Li B.-C., Lee J., Kwon E., Thanh B.X., Lisak G., Lin C.-H., Lin K.-Y.A.

(Royal Society of Chemistry) Sustainable Energy and Fuels ISSN: 23984902 Vol.6 Issue.2 Article No. DOI: 10.1039/d1se01443a

As Cu combined with 2,2,6,6-tetramethylpiperidin-oxyl (TEMPO) represents a promising catalyst for oxidizing 5-hydroxymethylfurfural (HMF) to 2,5-diformylfuran (DFF), and the nitro-group would promote the catalytic activity of TEMPO, the Cu and nitro-containing material, copper hydroxide nitrate hydroxide (CHN), appears to be a promising heterogeneous catalyst for HMF oxidation. Since catalytic activities of solid materials are strongly related to their morphologies, and structures, herein, the present study aims for the first time to explore the catalytic activities of CHNs with various shapes for HMF oxidation to DFF. Specifically, CHNs with different morphologies are fabricated to exhibit bar-like, strip-like, and even flower-like shapes through a very convenient one-step solvothermal process.
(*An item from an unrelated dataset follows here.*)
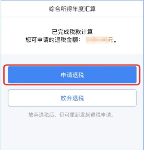 1、退税:跳转到退税页面,点击【申请退税】,绑定银行卡,坐等退税款到账;放弃退税的直接点【放弃退税】即可。
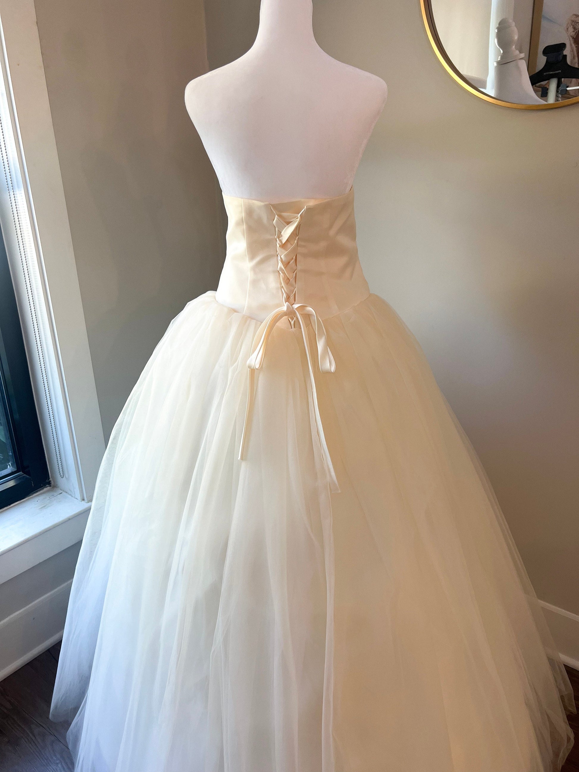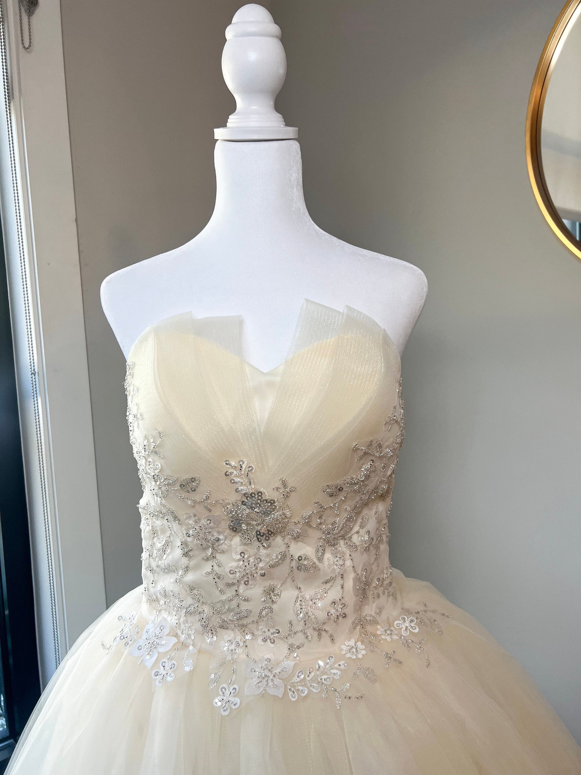 This gown is finished with shimmering tulle, beaded sequins and a corset top for a snug, perfected fit. It can be worn with or without a petti coat (which is not included).

While these CHNs consisted of very similar compositions, their textural properties were distinct as the CHN-flower can exhibit more superior textural properties and more acid sites/mobile oxygen, followed by the CHN-strip, and then the CHN-bar. As these CHNs and TEMPO were individually adopted, almost no HMF could be successfully converted to DFF. Nevertheless, the combination of CHNs and TEMPO leads to almost complete conversion of HMF with significantly high selectivities (>95%). In particular, the CHN-flower could even achieve SDFF = 99%, which was much higher than reported values using various catalysts. The CHN-flower was also validated to enable much faster HMF conversion at 100 °C. These results demonstrate that CHNs are certainly useful catalysts for HMF conversion, and the morphology of CHNs could be manipulated to enhance their catalytic activities. © The Royal Society of Chemistry.

This work is supported by the Ministry of Science and Technology (MOST) (110-2636-E-005-003-), Taiwan.